The dancing dervishes belong to the Sufi Mawlawiyah order, and as in Pakistan, India, Morocco, and other places in the world where Sufi music lives, the goal of the dervishes in Turkey is contact with the divine. One of the great poets of Sufism, Rumi, came from Konya in Turkey, and it was he who, while walking in a bazaar, was so captivated by the monotonous hammering of a blacksmith that he began to spin. In the whirling movements, he experienced ecstasy and union with God.

The dervish's thousand-year-old ritual, the whirling dance, consists of four phases: An introduction, which must make the dervish concentrate on achieving contact with God. In the second phase, the dervish must be with God, and in the ecstatic phase itself, the dervish is in God. That is, the divine union has taken place, which was the goal, and the ceremony ends with the fourth and final stage, where one comes back from God.

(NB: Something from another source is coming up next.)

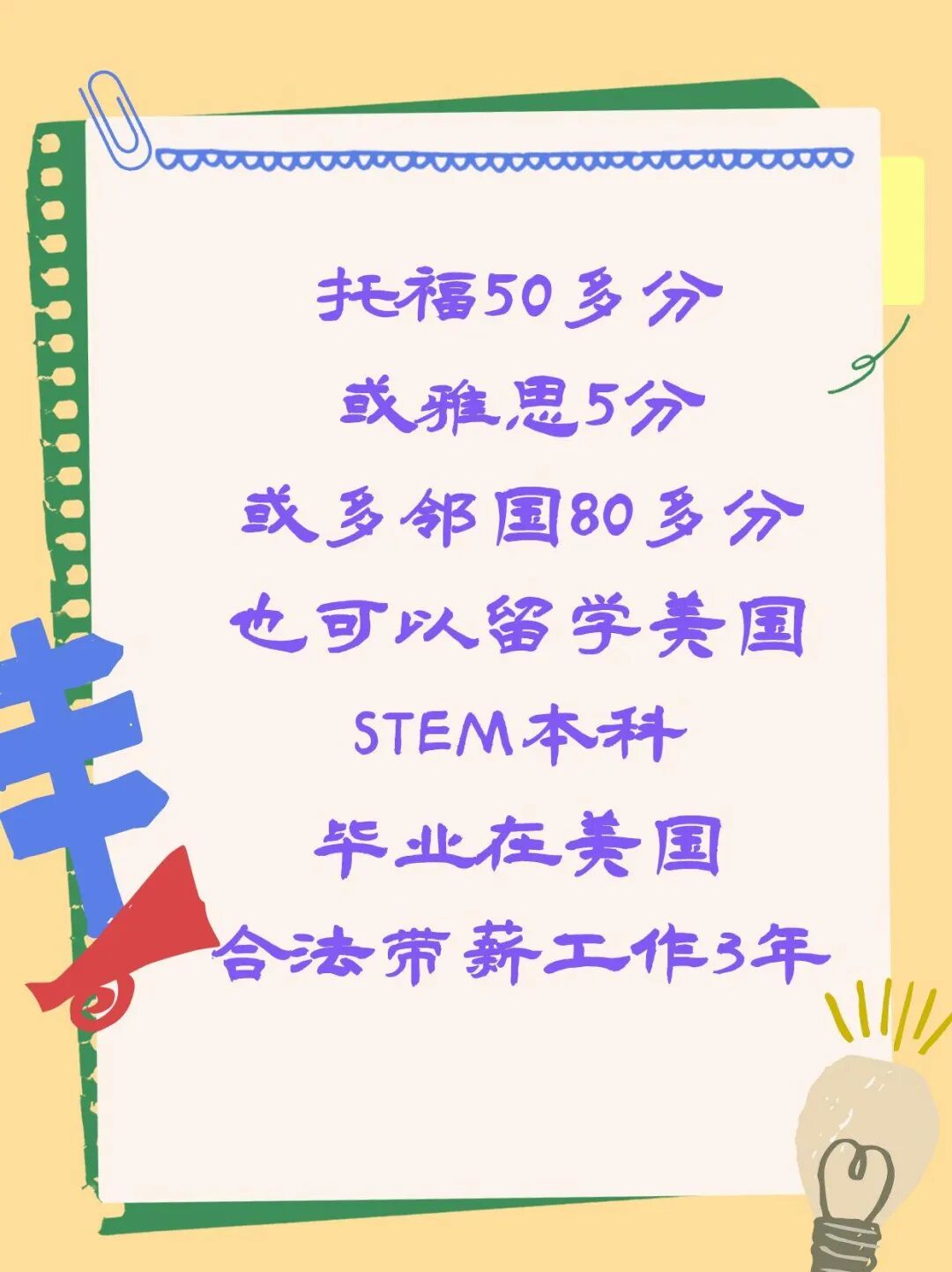 托福50多分,或雅思5分,或多邻国80多分,也可以留学美国STEM本科,毕业在美国工作3年。乔治梅森大学和俄亥俄大学开设多个本科热门STEM课程,如果学生成绩没有达到本科直录要求,可以申请双录取或国际大一,达到要求后进入本科正科,毕业后使用OPT在美国合法带薪实习。

During the entire ritual, a Sufi teacher recites a prayer. At the same time, a bamboo flute, ney, plays its mournful sounds, which are gradually accompanied by hand drums and various stringed instruments. After a good hour of prayer, the dance begins – at first infinitely slowly, later the dancers' whirl round and round like spinning tops, still accompanied by the prayer and the music.

 

In the 1920s, the dervish dance was banned in Turkey, as it was considered a threat to the country's modernization. After an interruption of 25 years, the dance was reopened, but today it is more of a tourist attraction than an actual practice.

However, modern musicians find inspiration in traditional music and dance. This applies, for example, to the Turkish-born techno musician Mercan Dede, who incorporates dervish dance into his electronic music when playing on international club stages.

Mevlana Festival

The Mevlana Festival is an annual event in the city of Konya from 10 to 17 December. The holiday is dedicated to Jalāl al-Dīn Muḥammad Rūmī (1207-1273). Mevlana is the nickname of the great author of philosophical verses and thinkers, which means "our master" in translation. He gained fame as the forefather of unorthodox Islam and the order of whirling dervishes. The followers of the order claim that it is possible to create contact with God with the help of a dance called Sama.

At the final ceremony of the festival, the most curious spectacle awaits guests and tourists, when the dervishes begin to tirelessly spin against the clock, while they rotate both around their own axis and around the circumference of the stage.

The Mevlana festival is a grandiose show of religious dance, which attracts a large number of pilgrims and tourists from all over the globe. The dance lasts three hours and is remembered as a bright, mesmerizing spectacle. On the eve of the performance, each dervish asks for blessings from his mentor sheik.

Dervishes do not rotate for the sake of the audience, but in order to enter into ecstasy and, with the help of this mental state, feel closer to the Creator. This whirling can be described as dynamic meditation. Dervishes whirl to the music of drums and flutes.

 

Mevlana Museum (Mevlana Müzesi) 

This is the museum of the Persian Sufi poet Jalāl al-Dīn Muḥammad Rūmī in the city of Konya in Turkey. After the death of Jalāl al-Dīn Muḥammad Rūmī, who received the nickname Mevlana, which means “Our Lord” in Farsi. Rumi himself was buried next to his father in the rose garden of Sultan Ala ad-Din Kay-Kubad I in Konya. His successor erected a mausoleum at the burial site of Rumi.

Mevlana Museum or Rumi Temple in Konya, Anatolia, Turkey Mausoleum of Jalal ad-Din Muhammad Rumi, Persian Sufi mystic, also known as Mevlana or Rumi

The Georgian Crown Princess Khatun, together with her husband Emir, financed the construction of the mausoleum. A special element of the Mausoleum is the dome, covered with turquoise tiles. In 1927, the Turkish Majlis approved a decree establishing a museum on the basis of a complex of buildings around the tomb of Jalāl al-Dīn Muḥammad Rūmī and the abode of Sufi dervishes. The opening of the museum took place only in 1954, since then it has been called the Mevlana Museum, the dervish festival of the same name in Konya bears the same name.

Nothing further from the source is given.